The bill is structured so that most of the immigrants will be low-skilled. These immigrants will compete with Americans in the low-skilled labor markets. The competition is most fierce in some of the industries in which blacks historically have been highly concentrated, such as construction, agriculture and service. Since the supply of low-skilled workers already exceeds the demand, the massive influx in low-skilled immigrants bodes ill for all such workers, but particularly black males.

This is an issue, as Mr. Kirsanow points out, that has already been studied. The effects of mass, unskilled immigration on the existing labor pool are known:

Evidence adduced before the U.S. Commission on Civil Rights shows that immigration accounts for 40 percent of the 18 point percentage decline in black employment rates over the last several decades – the bulk of the decline occurring among black males.
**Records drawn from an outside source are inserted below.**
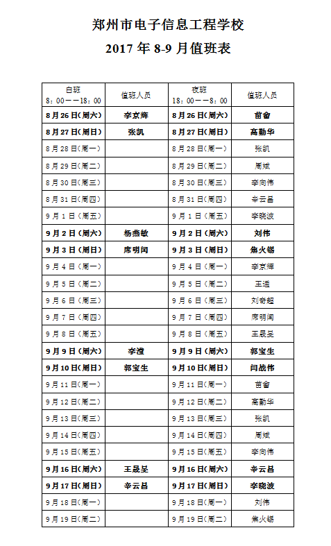 雷竞技最新2017年8-9月值班表
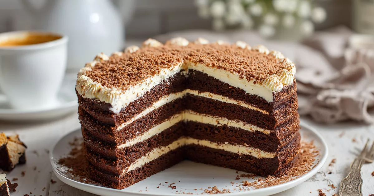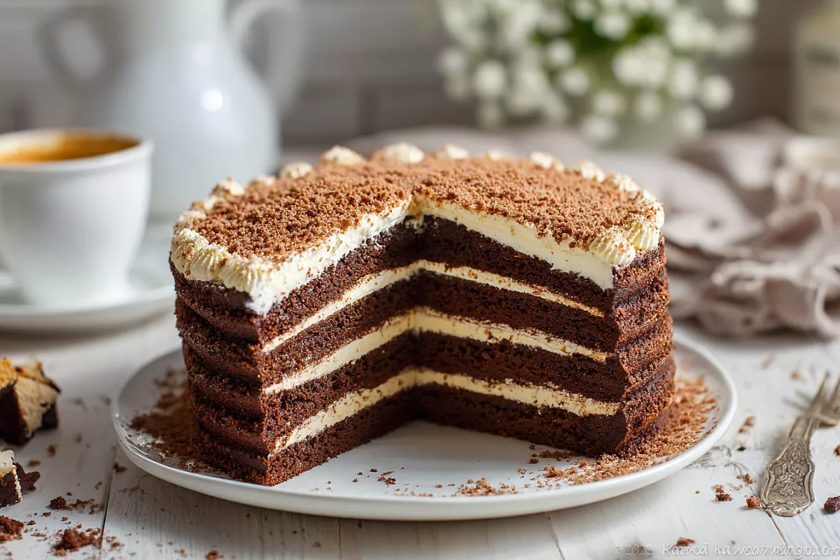 Просейте 260 г пшеничной муки с 10 г разрыхлителя и 10 г какао. В миске смешайте венчиком 2 яйца, 200 г сахара, щепотку соли, 130 мл молока и 50 мл растительного масла. Добавьте 1 ч. л. соды, гашёной 1 ст. л. 9% уксуса, и щепотку ванилина. Всыпьте муку, перемешайте. Влейте 100 мл кипятка, доведите тесто до жидкой консистенции. На сковороде на среднем огне с каплей масла выпекайте 6 тонких коржей по 2–3 минуты с каждой стороны под крышкой. Остудите.
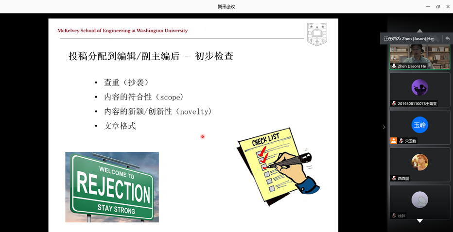 (OK138太阳集团通讯员 郑建铎 供图 郑建铎)7月30日上午,我校第20008期水产讲坛学术活动通过腾讯会议在线上举行,美国圣路易斯华盛顿大学的贺震教授作题为“如何发表高水平科研论文”的报告。贺震教授目前担任多个期刊的主编、共同主编,拥有丰富的审稿经验,了解审稿的流程。本次报告面向全院师生,由学院教授罗智主持。
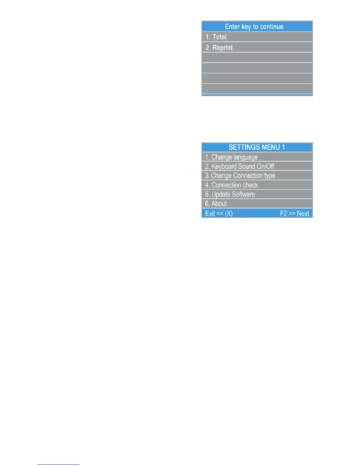 SETTINGS MENU1 shows the list of
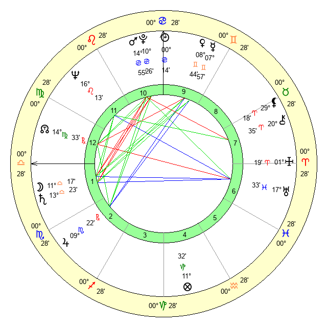 | Sun | 0 Cancer 14 | 1 Cancer 31 | 8 Libra 28 |
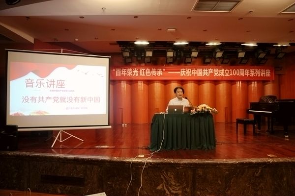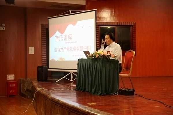 敖昌群教授又详细讲解了《唱支山歌给党听》和《没有共产党就没有新中国》这两首经典歌曲的历史背景和来龙去脉。他强调:在100年波澜壮阔的历史进程中,中国共产党紧紧依靠人民,跨过一道又一道沟坎,取得一个又一个胜利,为中华民族作出了伟大历史贡献。共产党团结带领人民在这片古老的土地上,书写了人类发展史上的壮丽史诗,一个生机盎然的社会主义中国巍然屹立在世界东方。历史充分证明,只有中国共产党,才能救中国;只有中国共产党,才能发展中国。
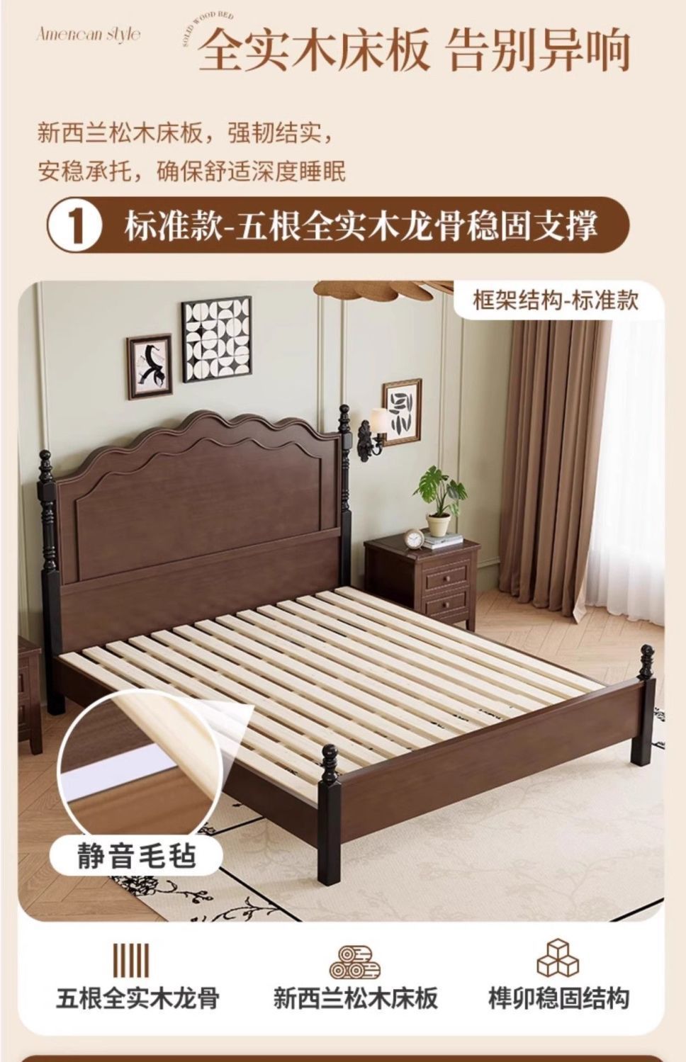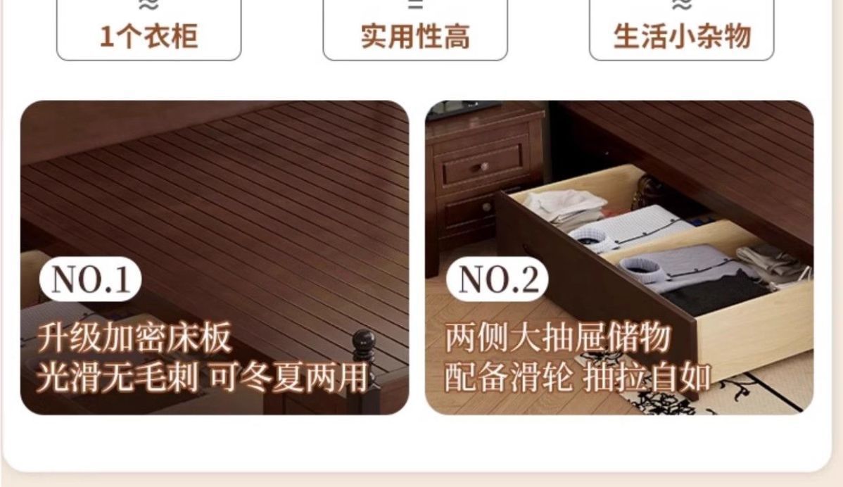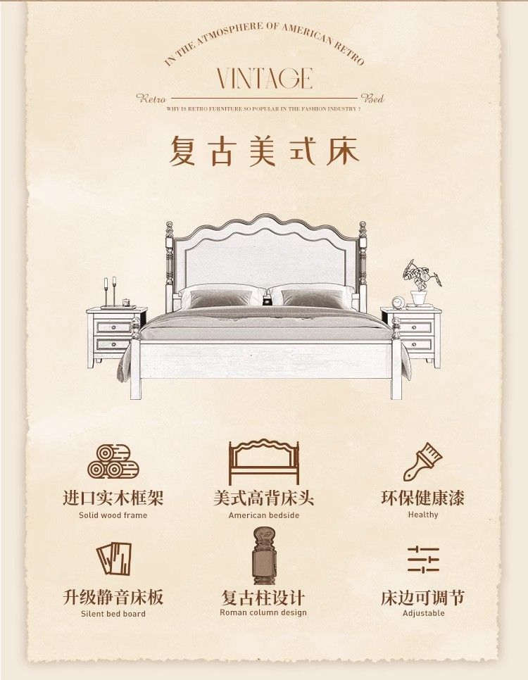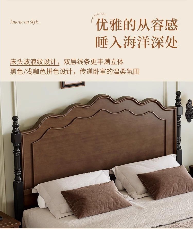 프렌치 레트로 침대, 원목 침대, 모던 심플 1.8m 더블 침대, 중세 스타일 1.5m 마스터 침실 수납 침대
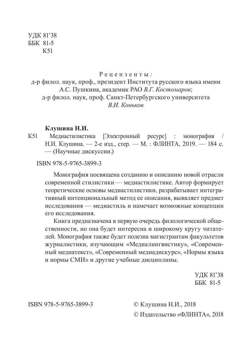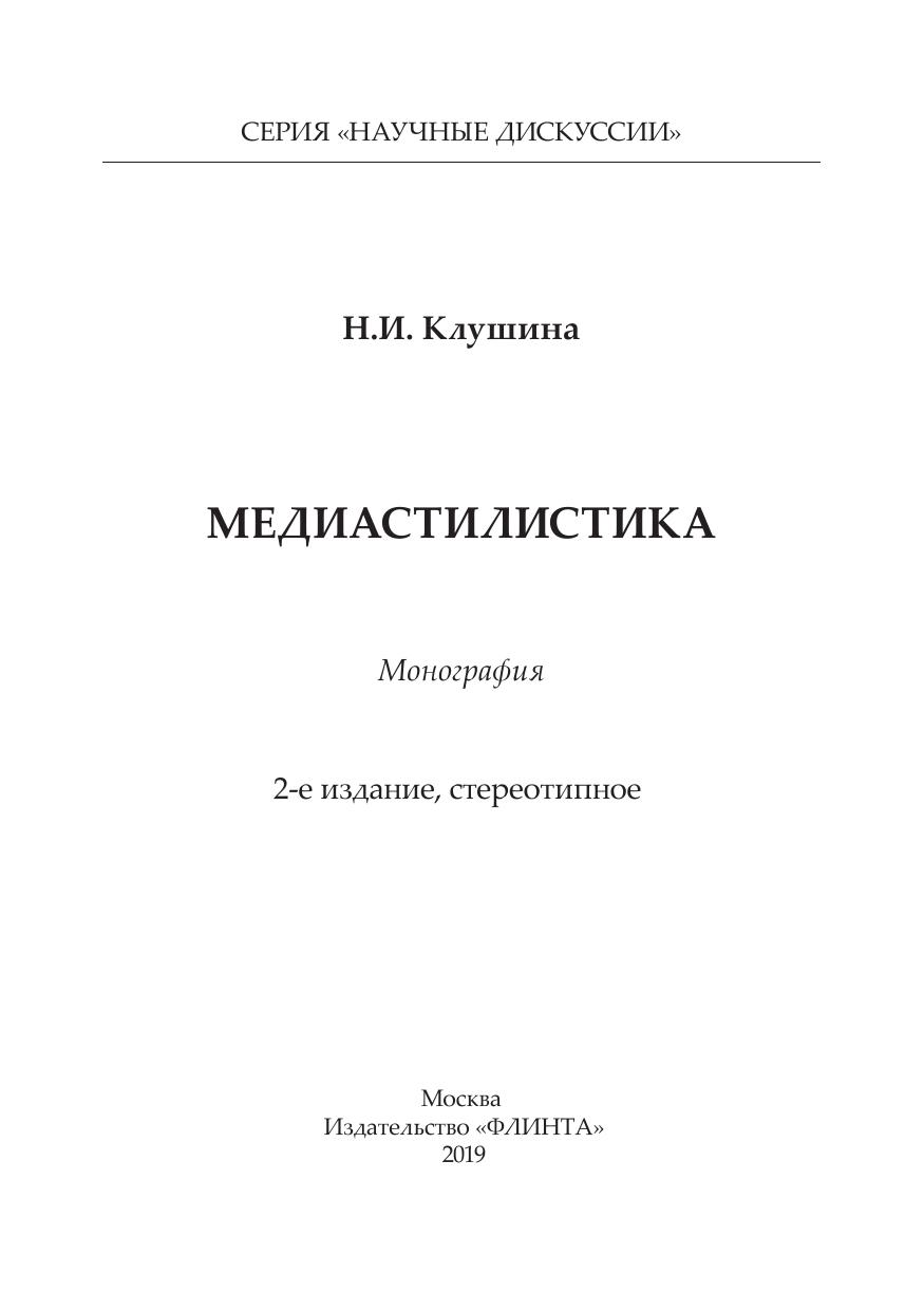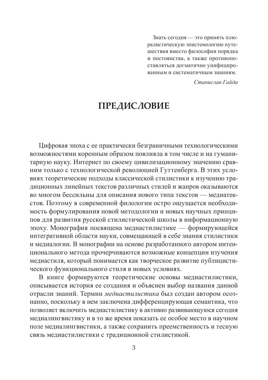 Монография посвящена созданию и описанию новой отрасли современной стилистики — медиастилистике. Автор формирует теоретические основы медиастилистики, разрабатывает интегративный интенциональный метод ее описания, выявляет предмет исследования — медиастиль и намечает возможные концепции
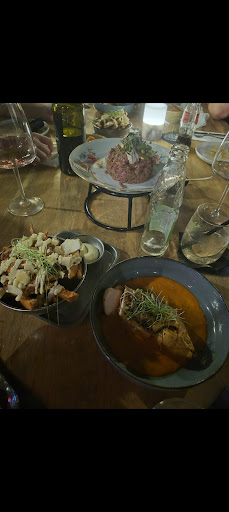 Read morePluspunt voor het feit dat we spontaan een tafel kregen. Het zat de hele tijd dat we er waren vol, wat echt een goed teken is. De inrichting en sfeer zijn uitnodigend en gezellig, we voelden ons echt op ons gemak, er hangt een familiaire sfeer en je voelt je welkom. Een man kwam na ons binnen en door de regen was zijn jas kletsnat, die werd hem niet afgenomen en er leek geen kapstok te zijn om hem aan op te hangen. Een punt waar aan gewerkt kan worden. Vervolgens bestelde ik een Aperol spritz als aperitief. Er zat echter geen spritz in en ik vroeg toen of er cava of bruiswater bij kon. Volgens de serveerster zat er wel cava in maar ik merkte er helemaal niets van. Ze nam het mee en bracht een tweede, precies dezelfde, zonder spritz, zelfs mijn man had het door en zei dat het misschien de cava was die niet bruiste, wat ik vreemd vond. Het menu is duidelijk en gevarieerd, wat een goed teken is omdat het de versheid van de producten garandeert. We kozen elk een hoofdgerecht. Normaal gesproken krijg je wat brood of een voorgerecht om de wachttijd door te komen, maar dat was hier helaas niet het geval. Toen het eten kwam, waren we allebei overweldigd door de smaak, het overtrof eigenlijk al mijn verwachtingen! Ik koos voor stovernij van varkenswang en mijn man voor zeebaars. Over het eten kun je dus echt niets zeggen! Het was een droom! We sloten af met degistief en koffie. Voordat we weggingen, bezocht ik het toilet. Het is een gemengd toilet. Je merkt echter dat het een beetje vergeten is. Het was echt vettig, de mannen plasten staand en je zag overal sporen van urine op de wc-bril en eronder... Het was gewoon smerig, Als ze er aandacht aan zouden besteden om het tussendoor schoon te vegen, zou er bijna niets te klagen zijn. We gaan zeker terug komen want het eten was...
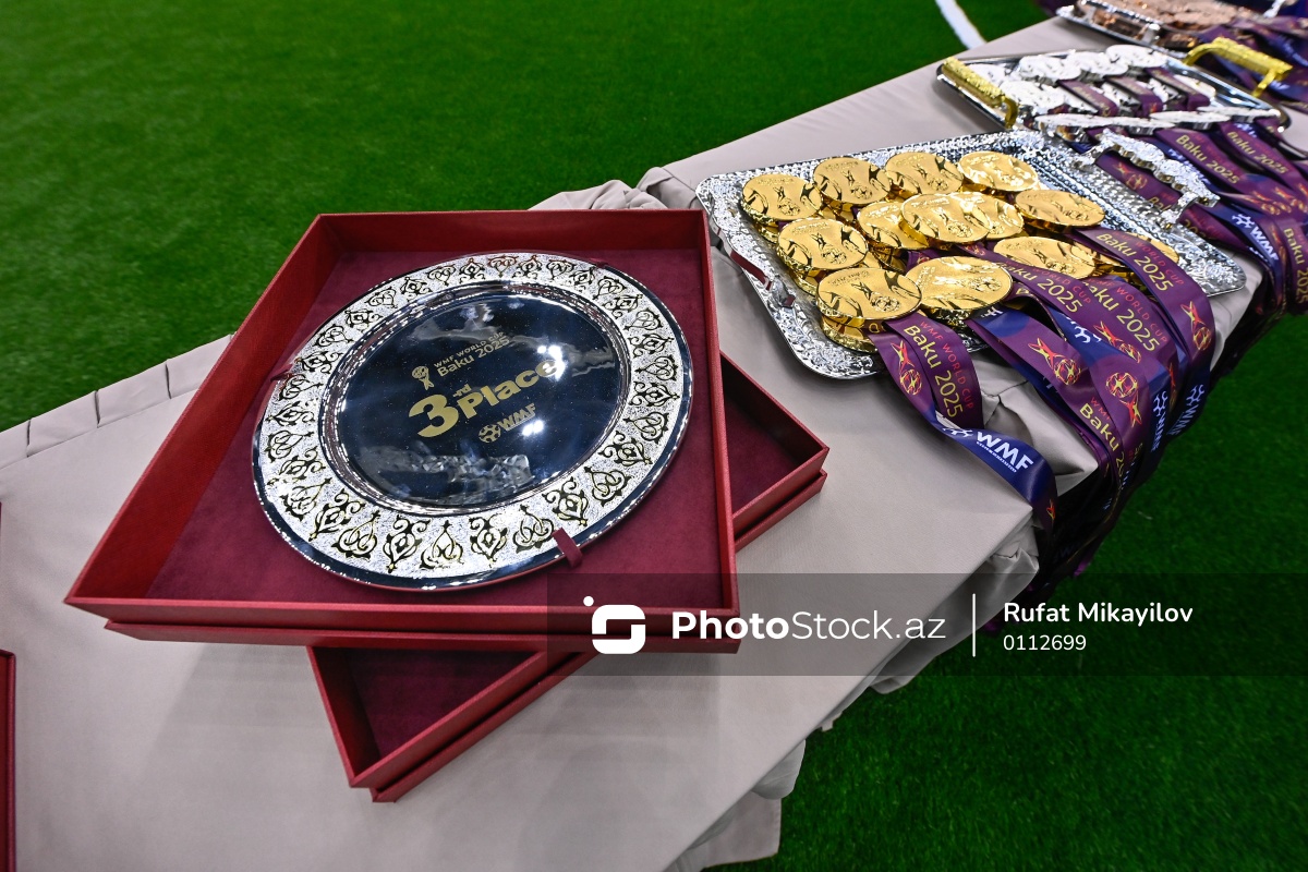 Bakıda təşkil olunan minifutbol üzrə dünya çempionatının mükafatlandırma mərasimi keçirilib. Milli Gimnastika Arenasında baş tutan tədbirdə Dünya Minifutbol Federasiyasının prezidenti Filip Juda, vitse-prezidenti Peter Kralik, gənclər və idman naziri Fərid Qayıbov və digər rəsmi şəxslər iştirak ediblər. Açılışda ön sözlə çıxış edən Fərid Qayıbov mundialın ölkəmizdə yüksək səviyyədə təşkil olunmasından danışıb və qələbə münasibəti ilə Azərbaycan xalqını təbrik edib. Daha sonra mundialın qalibi olan Azərbaycan yığması qızıl medal və kubokla təltif edilib. İkinci yerin sahibi olan Macarıstan futbolçuları gümüş, üçüncü olan Serbiya komandası isə bürünc medallarla mükafatlandırılıb.

That’s hundreds of thousands of blacks thrown out of work; hundreds of thousands that can’t support their families without taxpayer assistance.

The evidence adduced by the Commission shows that not only does illegal immigration depress the employment levels of low-skilled Americans, it drives down the wages for available jobs. For example, an economist for the Federal Reserve Bank of Atlanta estimated that as a result of the growth of undocumented workers, the annual earnings of actual documented workers in Georgia in 2007 were $960 lower than they were in 2000. In the leisure hospitality sectors of the economy, the wages were $1,520 lower.

Mr. Kirsanow concludes:

Before the federal government grants legal status to illegal immigrants, serious deliberation must be given to the effect such grant will have on the employment and earnings prospects of low-skilled Americans. History shows that granting such legal status is not without profound and substantial costs to American workers.

Does Congress care?

Well, Jeff Sessions certainly does. But hardly any Democrats in Congress–those same Democrats who insist that they are on the side of the working man–care how the immigration bill will impact existing low-wage workers. Unfortunately, the Chamber of Commerce doesn’t care, either. But it is the duty of Congress (unlike the Chamber of Commerce) to look out only for the interests of American citizens. We owe absolutely nothing to illegal immigrants, but we–Congressmen, that is–owe a duty of loyalty to American citizens who are already having a hard time making ends meet.